Date Published: 20 May 2010

Could gardening help children eat more greens?

Researchers at the University of Leeds are working with the Royal Horticultural Society to find out if pupils who garden at school develop a taste for fruit and vegetables.

The project, led by University of Leeds Professor of Nutritional Epidemiology and Public Health, Janet Cade, will evaluate the RHS Campaign for School Gardening over two growing seasons.

The RHS launched Campaign for School Gardening in 2007, to help children develop important life skills through gardening and now has 11,500 schools gardening. By 2012, the RHS wants 80% of UK primary schools gardening.

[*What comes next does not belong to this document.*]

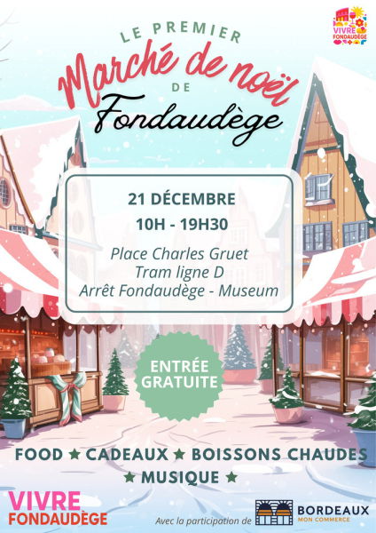 Les commerçants de la rue Fondaudège organisent leur tout premier marché de noël, le dimanche 21 décembre, sur la place Charles Gruet, à l'arrêt de Tramway Fondaudège-Museum.

Schools signed up to the Campaign say pupils learn so much through gardening and develop greater confidence, strong social skills, improved teamwork and co-operation skills and are keen to eat the food they grow themselves.

RHS Campaign for School Gardening London Advisor Jim Bliss, who will be advising and helping schools in the study, said:

" I have seen for myself the dramatic results gardening can have on pupils - they are so proud when they have successfully grown potatoes or beans themselves, and are fascinated by wildlife. Every school should have a garden, no matter how big or small."

A total of 74 schools across London will be taking part in the study to look at the eating habits of pupils aged seven and eight. Researchers will see whether growing food through school gardens plays a role in the amount of fruit and vegetables children eat and their other food choices, such as snacks and soft drinks.

Over two years the schools will be visited regularly by Professor Cade's team. The children will be interviewed and asked to complete a food diary at the beginning and end of the study to assess whether school gardening has had an impact on their diet.

Professor Cade said:

" On average, children eat two and a half portions of fruit or vegetables each day. This falls well below government recommendations of five portions a day, and our aim is to get closer to this goal."

The study, which has just begun, will be completed by 2012.